▸ **Task data**:
=== Section Start ===

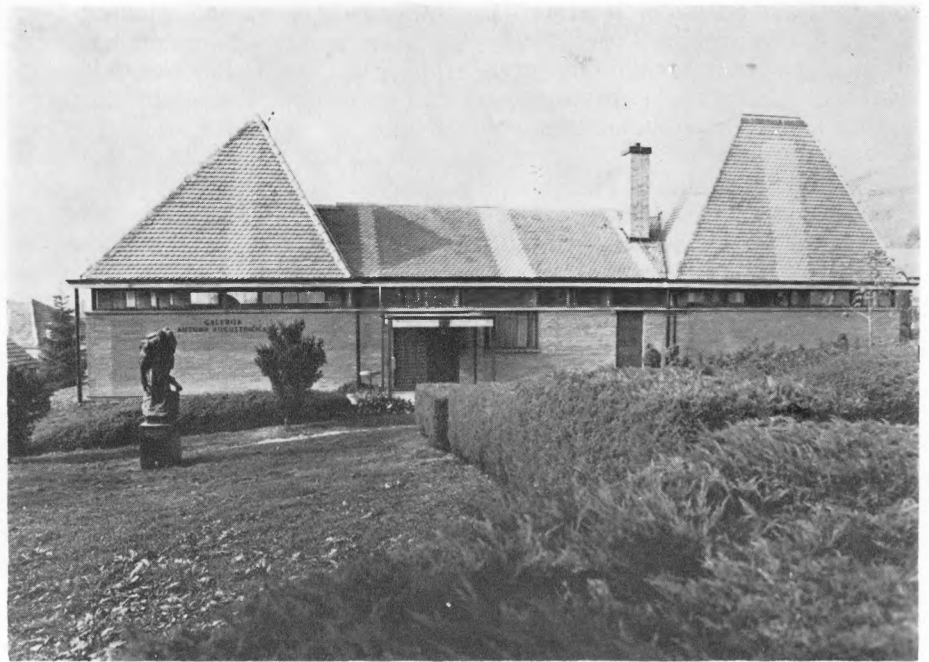
Zgrada u kojoj je smještena Galerija Antuna Augustinčića u Klanjcu

The new permanent display of the Museum of Applied Art is open to the public until February 1985.
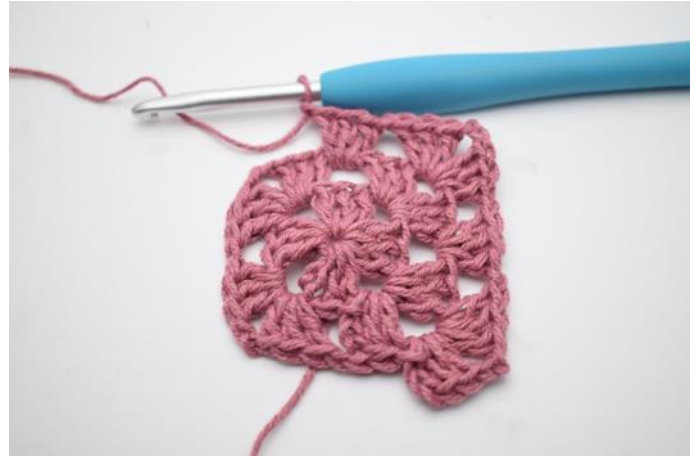
6. Hekle *3 stv, 2 lm, 3 stv og 1 lm i neste lmbue. Hekle 3 stv og 1 lm i neste lmmellomrom*.
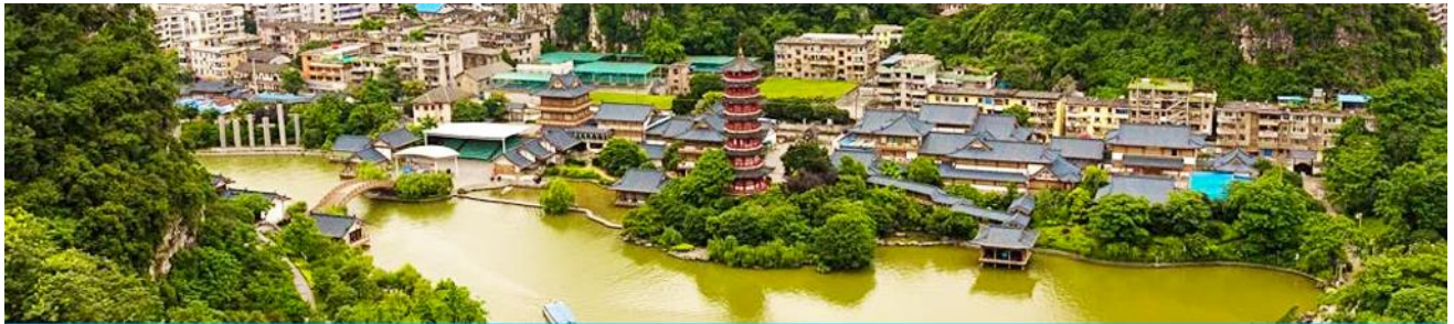
กุ้ยหลิน
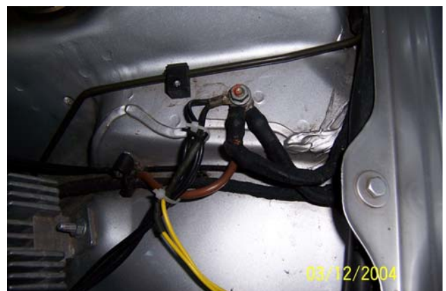
und Massepunkt Karosserie
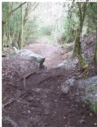
Canal d'alimentation en eau (?)
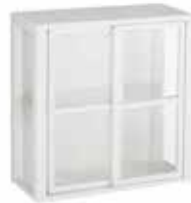
PIENI VITRIINI 310 L. 70 CM, K. 72,5 CM, S. 31 CM SAA MYÖS VALOILLA.
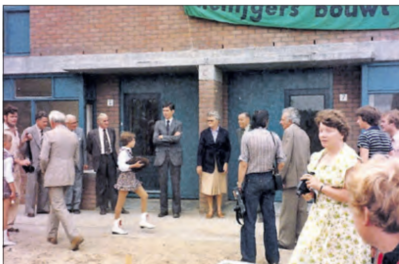
De opening op 14 juni 1980.
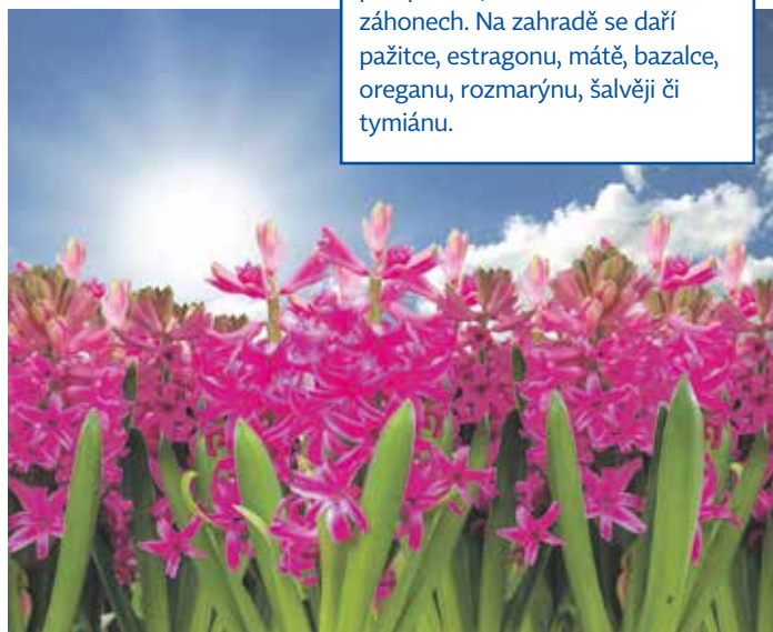
Ozdobou jarních zahrad jsou i fialové nebo růžové hyacinty

Na záhonech, kde už roztál sníh, hned začíná klíčit plevel.
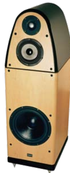
Kai kurie gamintojai nurodo savo kolonėlių atkuriamą dažnių juostą, priklausomai nuo leistino nelineiškumo – PVZ., „REVOLVER CYGNIS“ kolonėlių apraše žadamas 30 Hz–30 kHz diapazonas, jei nelineiškumas +/- 6 dB, ir 45–22 kHz diapazonas, jeigu nelineiškumas apribotas +/- 3 dB.

Tačiau per vadinamąją „antrinę signalinę sistemą“ gali atsitikti ir taip, kad emocijas generuoja ne realus garsinis įvykis, bet tikrų įvykių ir su jais
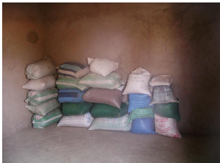
Stock de mil de la banque céréalière de Keur Ndiouga
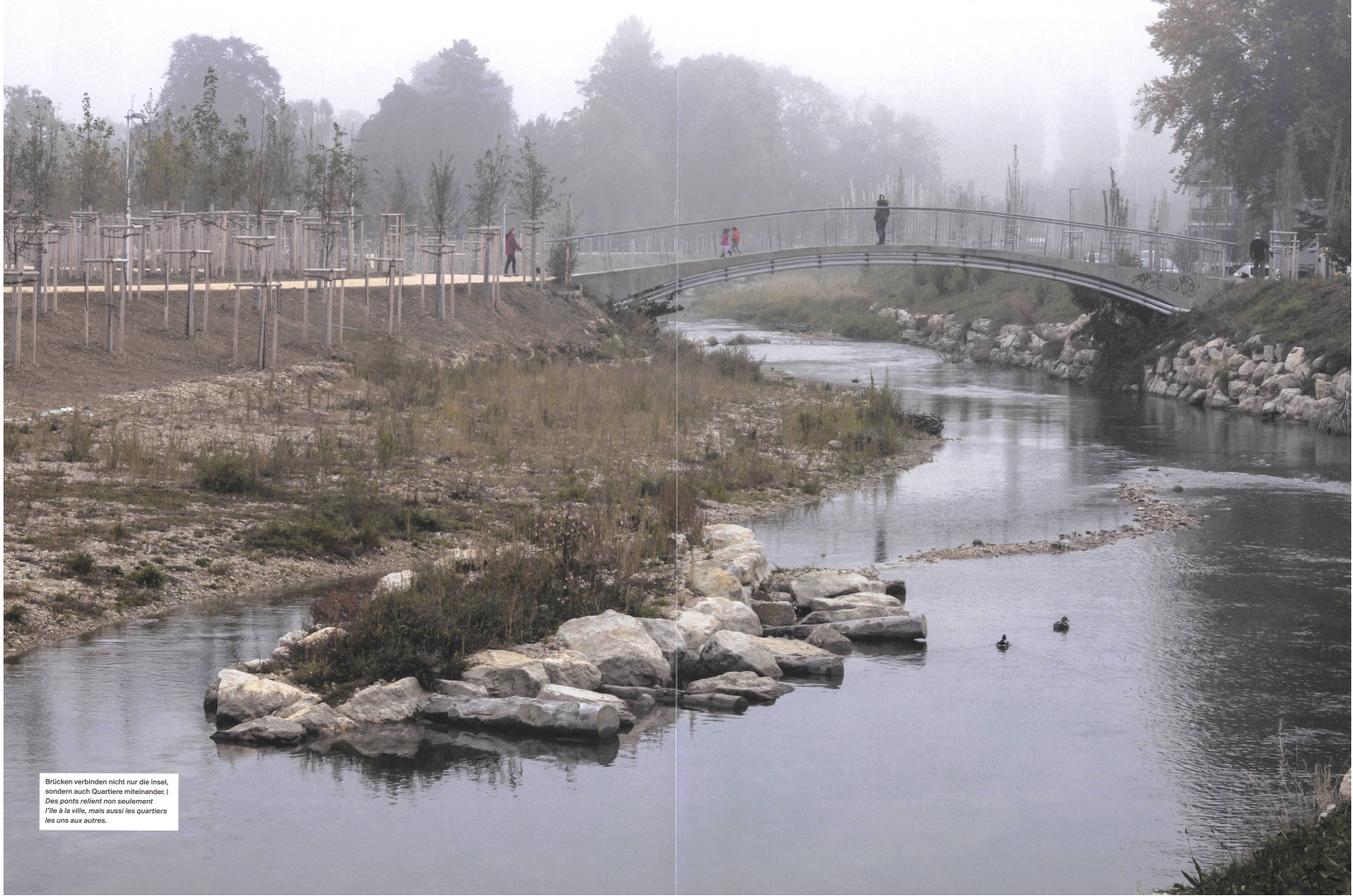
Brücken verbinden nicht nur die Insel, sondern auch Quartiere miteinander. | Des ponts relient non seulement l'île à la ville, mais aussi les quartiers les uns aux autres.
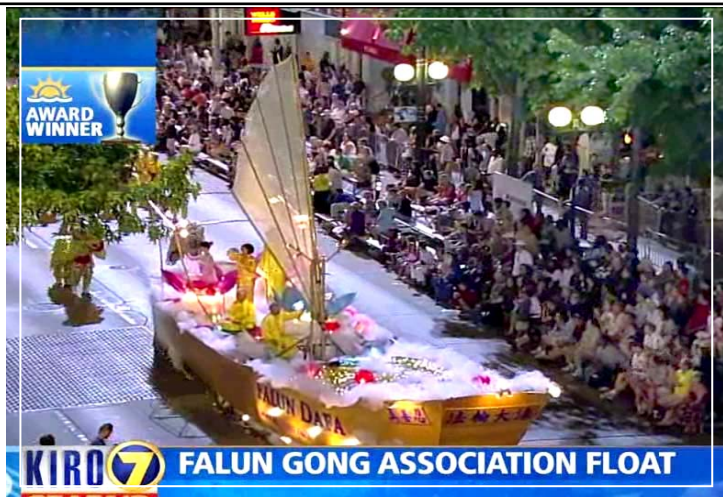
2009年7月25日美国电视7台直播了海洋节游行盛况。银屏上，金色“大法船”在云雾间穿行。观众持续鼓掌。

=== Section End ===

▸ **Your task**:
Output the line that contains "PIENI VITRIINI 310" and every subsequent line through the end of the entries, exactly as given, without pictures.

▸ **Task output**:
PIENI VITRIINI 310 L. 70 CM, K. 72,5 CM, S. 31 CM SAA MYÖS VALOILLA.
De opening op 14 juni 1980.
Ozdobou jarních zahrad jsou i fialové nebo růžové hyacinty

Na záhonech, kde už roztál sníh, hned začíná klíčit plevel.
Kai kurie gamintojai nurodo savo kolonėlių atkuriamą dažnių juostą, priklausomai nuo leistino nelineiškumo – PVZ., „REVOLVER CYGNIS“ kolonėlių apraše žadamas 30 Hz–30 kHz diapazonas, jei nelineiškumas +/- 6 dB, ir 45–22 kHz diapazonas, jeigu nelineiškumas apribotas +/- 3 dB.

Tačiau per vadinamąją „antrinę signalinę sistemą“ gali atsitikti ir taip, kad emocijas generuoja ne realus garsinis įvykis, bet tikrų įvykių ir su jais
Stock de mil de la banque céréalière de Keur Ndiouga
Brücken verbinden nicht nur die Insel, sondern auch Quartiere miteinander. | Des ponts relient non seulement l'île à la ville, mais aussi les quartiers les uns aux autres.
2009年7月25日美国电视7台直播了海洋节游行盛况。银屏上，金色“大法船”在云雾间穿行。观众持续鼓掌。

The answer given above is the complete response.